True. Instead they'll have to spend their time running sting operations on 500,000 retail outlets selling marijuana.

"Black markets cannot be price-competitive with free markets, and taxes could be ridiculously high (as they are on alcohol and tobacco) without making illicit drugs a good buy for the consumer."

The taxes on alcohol aren't there yet. But they are on cigarettes.

"Thanks to recent city- and state-level tax hikes, New York City now has the highest cigarette taxes in the country—a combined state and local tax rate of $3.00 per pack. Consumers have responded by turning to the city's bustling black market and other low-tax sources of cigarettes. During the four months following the recent tax hikes, sales of taxed cigarettes in the city fell by more than 50 percent compared to the same period the prior year."
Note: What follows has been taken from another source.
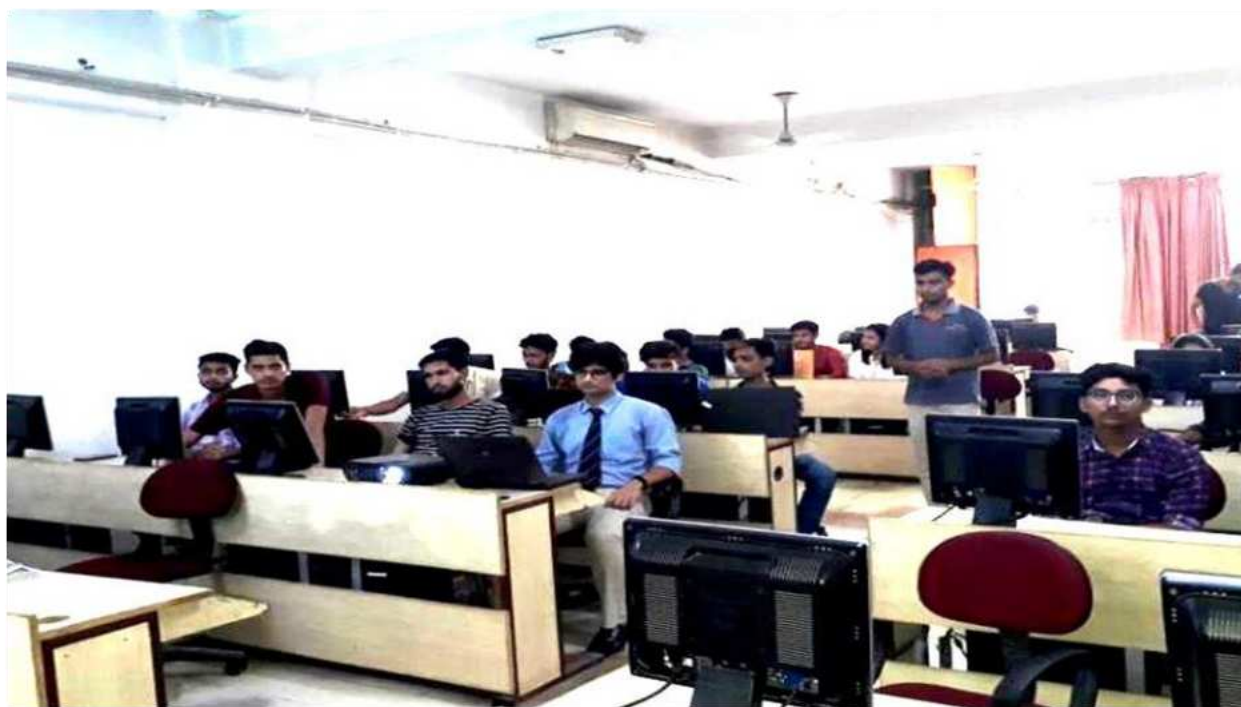
Pictures from Codex Club Organizing a Live Workshop on Introduction of Computers and C Programming Language

" New York has a long history of cigarette tax evasion. Former governor Malcolm Wilson dubbed the city the "promised land for cigarette bootleggers." Over the decades, a series of studies by federal, state, and city officials has found that high taxes have created a thriving illegal market for cigarettes in the city. That market has diverted billions of dollars from legitimate businesses and governments to criminals."